Cloudflare was among the first to act. The company published Moltworker, a framework for running OpenClaw inside Cloudflare’s sandbox infrastructure rather than on local hardware. The architecture placed the agent’s logic inside an ephemeral, isolated container. If the agent was hijacked through prompt injection, it would remain trapped inside a temporary micro-VM with no access to the user’s local network or files. The container would die, and so would the attack. Cloudflare’s AI Gateway, sandboxes, R2 storage, and Zero Trust authentication all became part of the pitch. Analysts pointed to OpenClaw’s rapid adoption as a meaningful tailwind for Cloudflare’s stock, which rallied alongside broader agentic AI enthusiasm.
In addition, DigitalOcean released what it called a Hardened 1-Click deployment for OpenClaw, positioning it as enterprise-ready infrastructure. Cisco built what it described as AgenticOps capabilities specifically in response to the security concerns OpenClaw surfaced. One governance analyst characterized these moves not as compliance checklists but as governance in code, meaning the security layer was being built into the infrastructure rather than bolted on afterward.
China Moves First
In China, the response was faster and more aggressive than anywhere else. Baidu integrated OpenClaw directly into its flagship search application for over 700 million monthly active users, timing the move deliberately to coincide with the Lunar New Year holiday as Chinese tech giants raced to capture agentic AI momentum. Alibaba integrated the technology with its Taobao and Fliggy e-commerce platforms. Tencent and Moonshot Cloud followed closely behind. Chinese companies moved despite the known security vulnerabilities, in a pattern observers described as innovate first, regulate later.
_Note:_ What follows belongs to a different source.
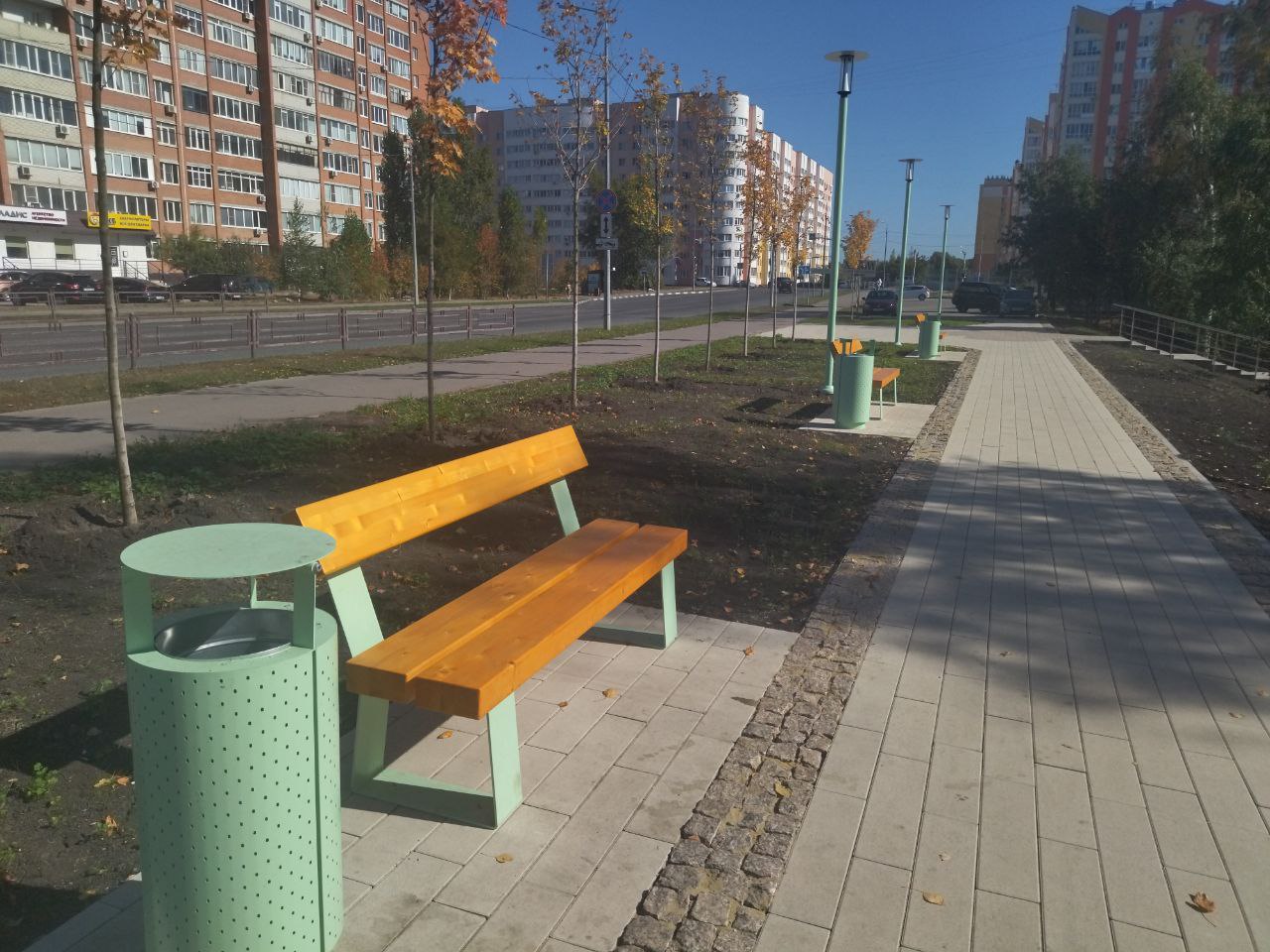 Пензенцы обратили внимание на удобный пандус для маломобильных групп населения и родителей с колясками. По душе горожанам пришлось и колористическое решение, выбранное для фонарей и урн - их окрасили в мятный цвет.

Beyond China, Meta was spotted testing OpenClaw integration in its AI platform codebase. A startup called ai.com reportedly spent eight million dollars on a Super Bowl advertisement to promote what turned out to be an OpenClaw wrapper, demonstrating just how fast commercial energy had moved into the ecosystem.
The Acquisition and What It Signals
On February 14, 2026, Sam Altman posted on X that Peter Steinberger was joining OpenAI. The OpenClaw project would move to an independent open-source foundation that the company supports. Altman called Steinberger a genius with a lot of amazing ideas.
Steinberger, for his part, said he could probably have turned OpenClaw into a large company but that building a large company was not what excited him. Instead, he told Fridman he planned to focus on developing agentic AI so simple that even his mother could use it. He described his vision of an AI that does not wait for a prompt but is always on, always working, always adapting.
“What I want is to change the world, not build a large company. Teaming up with OpenAI is the fastest way to bring this to everyone.
The acquisition matters for reasons beyond the individual deal. It signals OpenAI’s belief that the future of consumer AI is not a chat window but an agent layer that lives inside the tools people already use, takes actions in the real world, and operates continuously rather than on demand. Moreover, Altman wrote that he expected OpenClaw to quickly become core to OpenAI’s product offerings.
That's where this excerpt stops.